— WHAT YOU WILL DO —
Repeat all entries exactly.

— RECORDS FOR THIS TASK —
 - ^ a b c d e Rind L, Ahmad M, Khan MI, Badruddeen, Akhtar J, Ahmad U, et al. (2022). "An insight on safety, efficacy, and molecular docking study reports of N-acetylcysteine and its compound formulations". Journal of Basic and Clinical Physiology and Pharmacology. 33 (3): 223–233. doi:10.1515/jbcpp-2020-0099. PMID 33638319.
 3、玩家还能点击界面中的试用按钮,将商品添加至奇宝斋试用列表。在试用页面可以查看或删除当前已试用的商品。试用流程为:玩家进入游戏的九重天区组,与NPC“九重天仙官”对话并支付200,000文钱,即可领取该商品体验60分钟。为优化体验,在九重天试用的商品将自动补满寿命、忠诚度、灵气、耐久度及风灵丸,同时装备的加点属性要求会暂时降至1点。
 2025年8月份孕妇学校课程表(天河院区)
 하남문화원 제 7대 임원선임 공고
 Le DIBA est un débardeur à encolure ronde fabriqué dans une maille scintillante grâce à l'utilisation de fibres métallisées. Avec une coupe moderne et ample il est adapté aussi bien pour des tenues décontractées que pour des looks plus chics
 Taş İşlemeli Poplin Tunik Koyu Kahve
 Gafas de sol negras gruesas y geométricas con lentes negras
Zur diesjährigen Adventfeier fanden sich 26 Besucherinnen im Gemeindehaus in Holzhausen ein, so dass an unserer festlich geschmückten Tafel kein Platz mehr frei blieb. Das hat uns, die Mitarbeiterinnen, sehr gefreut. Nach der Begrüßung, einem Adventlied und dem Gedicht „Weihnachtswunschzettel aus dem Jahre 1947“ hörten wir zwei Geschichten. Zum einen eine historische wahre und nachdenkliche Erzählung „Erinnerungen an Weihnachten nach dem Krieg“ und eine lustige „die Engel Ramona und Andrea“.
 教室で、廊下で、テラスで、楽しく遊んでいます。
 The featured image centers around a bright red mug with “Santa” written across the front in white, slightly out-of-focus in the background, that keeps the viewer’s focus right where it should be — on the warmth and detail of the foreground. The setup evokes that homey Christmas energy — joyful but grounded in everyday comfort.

— SOLUTION —
 - ^ a b c d e Rind L, Ahmad M, Khan MI, Badruddeen, Akhtar J, Ahmad U, et al. (2022). "An insight on safety, efficacy, and molecular docking study reports of N-acetylcysteine and its compound formulations". Journal of Basic and Clinical Physiology and Pharmacology. 33 (3): 223–233. doi:10.1515/jbcpp-2020-0099. PMID 33638319.
 3、玩家还能点击界面中的试用按钮,将商品添加至奇宝斋试用列表。在试用页面可以查看或删除当前已试用的商品。试用流程为:玩家进入游戏的九重天区组,与NPC“九重天仙官”对话并支付200,000文钱,即可领取该商品体验60分钟。为优化体验,在九重天试用的商品将自动补满寿命、忠诚度、灵气、耐久度及风灵丸,同时装备的加点属性要求会暂时降至1点。
 2025年8月份孕妇学校课程表(天河院区)
 하남문화원 제 7대 임원선임 공고
 Le DIBA est un débardeur à encolure ronde fabriqué dans une maille scintillante grâce à l'utilisation de fibres métallisées. Avec une coupe moderne et ample il est adapté aussi bien pour des tenues décontractées que pour des looks plus chics
 Taş İşlemeli Poplin Tunik Koyu Kahve
 Gafas de sol negras gruesas y geométricas con lentes negras
Zur diesjährigen Adventfeier fanden sich 26 Besucherinnen im Gemeindehaus in Holzhausen ein, so dass an unserer festlich geschmückten Tafel kein Platz mehr frei blieb. Das hat uns, die Mitarbeiterinnen, sehr gefreut. Nach der Begrüßung, einem Adventlied und dem Gedicht „Weihnachtswunschzettel aus dem Jahre 1947“ hörten wir zwei Geschichten. Zum einen eine historische wahre und nachdenkliche Erzählung „Erinnerungen an Weihnachten nach dem Krieg“ und eine lustige „die Engel Ramona und Andrea“.
 教室で、廊下で、テラスで、楽しく遊んでいます。
 The featured image centers around a bright red mug with “Santa” written across the front in white, slightly out-of-focus in the background, that keeps the viewer’s focus right where it should be — on the warmth and detail of the foreground. The setup evokes that homey Christmas energy — joyful but grounded in everyday comfort.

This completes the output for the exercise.